HB26-1226 is clearly a state-level attempt to impose emissions rules that coal plants operating under federal 202(c) emergency orders — like Craig Unit 1, which the Department of Energy ordered to keep running on December 30 — cannot comply with. That creates a deliberate legal conflict between state environmental law and federal grid reliability authority. The utilities caught in the middle will have to choose which sovereign to defy, and ratepayers will pay for the litigation either way.
Good news came last week regarding HB26-1121, at least, which would have required any facility that emits or may emit an air pollutant to post all emissions records publicly, with fines up to $47,357 per day for noncompliance.

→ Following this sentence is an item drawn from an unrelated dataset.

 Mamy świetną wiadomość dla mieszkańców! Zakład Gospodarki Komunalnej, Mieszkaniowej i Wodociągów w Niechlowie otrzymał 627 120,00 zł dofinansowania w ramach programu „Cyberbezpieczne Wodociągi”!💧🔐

Publicly posting emissions records would have created a new compliance burden on facilities, the cost of which would ultimately fall to customers, while inviting organized pressure campaigns and private litigation.

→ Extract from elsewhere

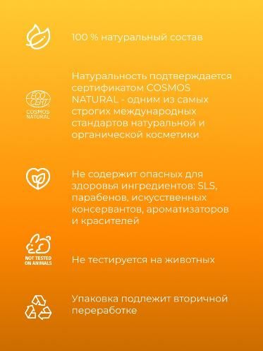 Создано из природных компонентов высокого качества. Не содержит SLS, парабенов, искусственных консервантов, ароматизаторов и красителей.

The biggest story from February was the kickoff of reauthorizing the Public Utilities Commission (PUC). Under Colorado’s sunset review process, regulatory agencies must be periodically reauthorized or they expire. When that reauthorization bill is on the table, anything in the PUC’s enabling statutes can be changed, expanded, or constrained.
A few things stand out from Department of Regulatory Agencies’ (DORA) sunset review report, which issues recommendations for the reauthorizing legislation. The report recommends extending the energy reauthorization to 11 years from now — or 2037, which is far too long for a body with such sweeping jurisdiction. It also proposes a carve-out from Colorado’s Open Meetings Law that would allow private commissioner deliberations on rate cases and pipeline approvals, with limited transparency safeguards. The report wants to subordinate RES compliance calculations to utility-filed Clean Energy Plans, which are on more aggressive mandates and timelines. Stay tuned for Independence Institute testimony when the reauthorization bill is introduced.
The session runs through May 13. Whether SB26-022 can get a hearing before co-ops and municipal utilities lose the ability to plan for longer-term options past 2030 is one of the most important remaining questions. The 2040 clean energy acceleration bill that Gov. Polis floated in 2025 and pulled back has not yet reappeared in this session. If and when it does, it will suck the oxygen out of the rest of what is happening. And the PUC reauthorization bill will shape how every mandate passed through 2037 will actually be implemented.
With a third or more bills introduced likely to relate to energy this year, the legislature will write more checks than the grid can cash.